DataOps to industrialize Data projects
Only half of all AI projects have been deployed in production. Why? Because it often takes longer than it looks – between 12 and 18 months. That is what comes out of the many studies of Gartner, Capgemini or BCG: the need to industrialize. Let’s take a look at the past and what could be improved to help make data projects come to life.
A bit of history
Data processing used to be linked with IT, and that was not so long ago. Big Data was not so big and analyzing it actually meant analyzing structured data. As for storage, it was basically SQL databases or data warehouses that were fed with data.
Everything changed around 2010 with Data Lakes. Tools allowed us to look for data where they are and sources multiplied. Unstructured data (images, texts, audios…) could be processed, and in larger quantities. That’s what we now call Big Data.
Along with Data Lakes came Data Labs; along with Data Labs came Data Scientists and Data Engineers. And here we are! All of these changes brought freedom to the teams but deployment remains a central issue as Analytics ecosystems don’t share the same IT delivery criteria than software development frameworks. Converting an idea into a POC becomes possible, but getting it deployed is still complicated.
The main issues
Infrastructure and security issues often come up, but we decided to talk about the ones that often cause the most problems and can be pretty hard to address:
- the technological challenge: finding use cases is good, having the technologies to support it is better. The main problem here is that there isn’t a single tool that allows to manage such a project. A lot of technologies are involved and you don’t only have to choose, you also need to make them all work together and follow their evolution as new versions are released very frequently.
- the human challenge: once you find the right technologies, you need to make it fit with the teams: IT Ops maintain the infrastructure, Data Engineers prepare data, Data Scientists make them valuable. Their jobs are quite different and having them collaborate can be tough.
A new approach is getting more and more attention as it seems to answer numerous challenges we mentioned above.

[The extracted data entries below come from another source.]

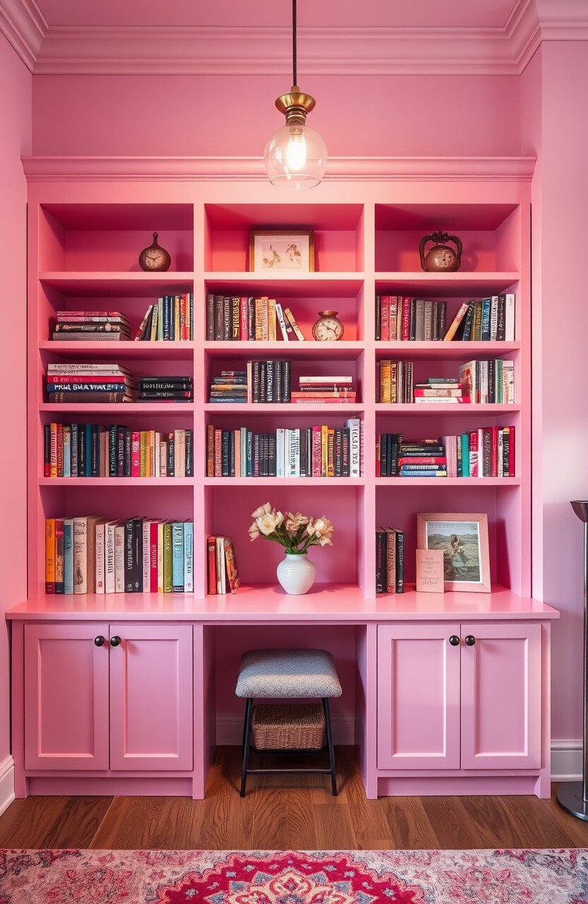 Bookshelves painted in pink can become a focal point. They add a splash of color and are perfect for displaying your favorite reads and treasures.
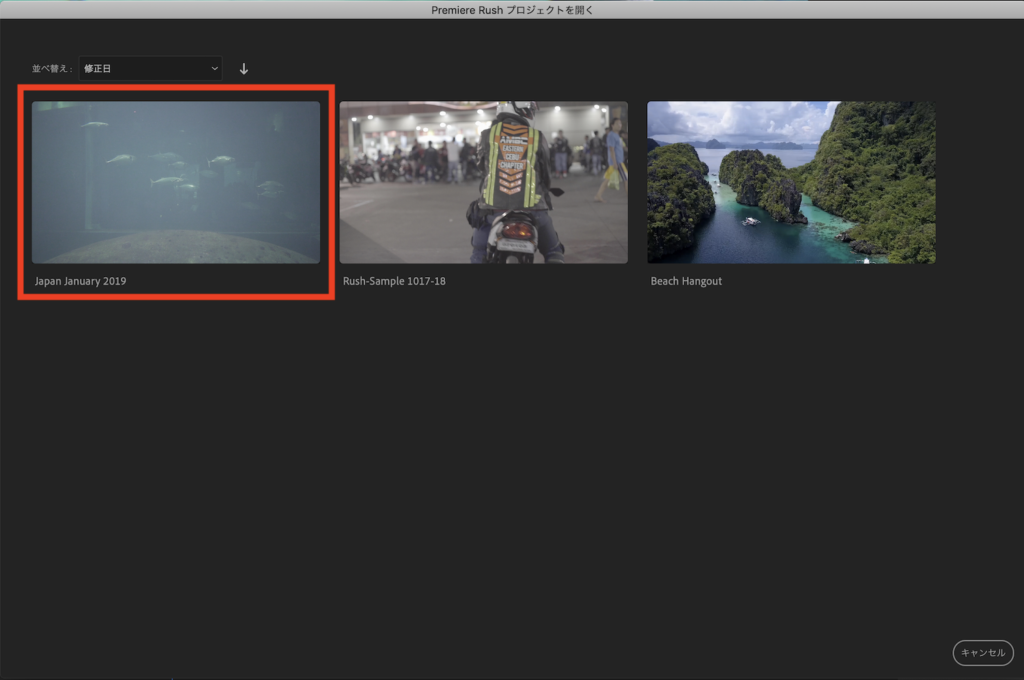 するとPremiere Rushでも見慣れているプロジェクト選択画面が現れるので、読み込みたいプロジェクトを選択しましょう。
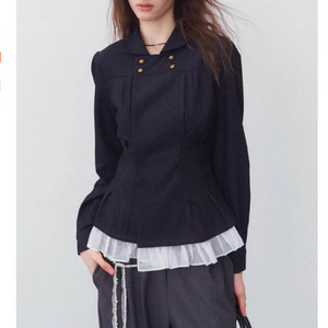 2025秋季新款“无可替代”双排扣牛仔打褶收腰衬衫通勤上衣外套女
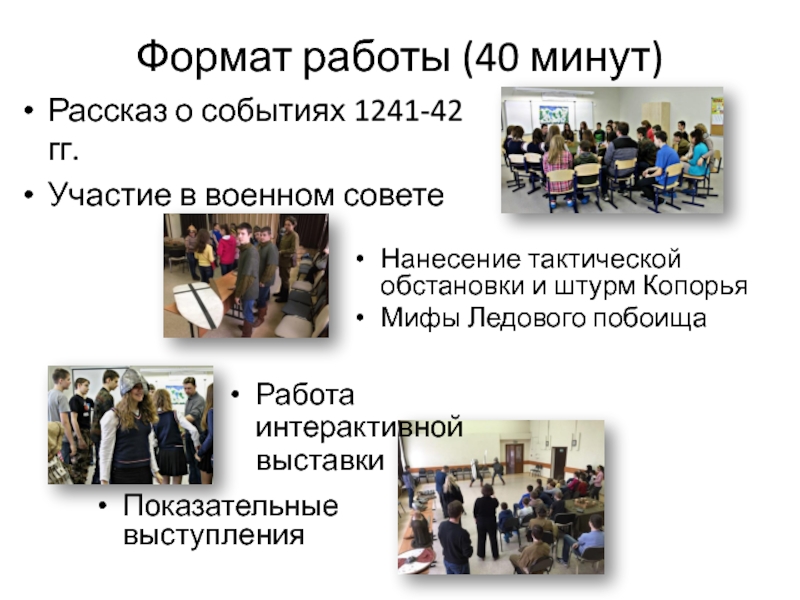 Формат работы (40 минут)Показательные выступленияРассказ о событиях 1241-42 гг.Участие в военном советеНанесение тактической обстановки и штурм КопорьяМифы
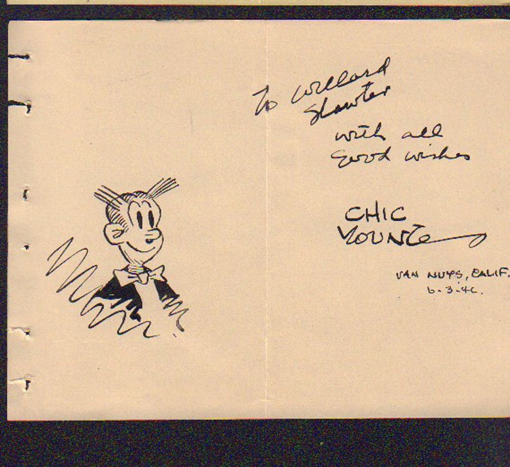 Autograph book page signed by Chic Young. It was inscribed to Willard Slawter, dated June 3, 1946 and includes a sketch of Dagwood. The page had been folded in half at some point. All items come with a certificate of authenticity good for the life of the piece.

Although it has only been used rather recently, it is based on two well known approaches:
- Agility: it is about setting up use cases that can be quickly deployed to reinforce confidence within the teams by demonstrating value.
- DevOps: it is what became the link between the development team which want an innovative project they can freely work on, and the operations team which needs stability and security. How? By “simply” having them work together in one unique team. It encourages collaboration and iterations to, eventually, automate jobs deployment.
DataOps is a mix of both, but harder to set up as it is applied to data and not just software development, which means both teams – Data and IT – don’t even work for the same department.
The main goal of it is to ease and accelerate delivery, and doing it while having new profiles involved in the process, managing different environments and orchestrating a lot of technologies. A game changer once you manage to properly apply it within the firm, and having the right tool might help you do it.
The solution: the DataOps orchestrator
“We often hear “data is the new oil” but data may be important, the key is what you use to make it valuable. What you need is a refinery, because people don’t want oil, they want gas.” Adrien Blind, Tech Evangelist at Saagie
What if the refinery was the combination of an approach – DataOps – and a technology. The later can be a (DataOps) orchestrator and has a precise list of features:
- it is a true technological toolbox that allows managing the whole data cycle (preparation, processing, modeling and visualization) while being operational (stable infrastructure)
- it doesn’t only gather these technologies, it needs to organize them by tasks (preparation, processing…), so it needs to have an orchestration feature
- it has governance features so your team is allowed to manage data access in a secured way
- ergonomics and usability also matter as business teams are involved. So, it needs to have a simple and intuitive interface that everyone can use, no matter how technical they are
Why is it so valuable? Because having such a platform allows to manage processing data pipelines and deploy them in an automated and possibly scheduled way – all of that from an environment to another.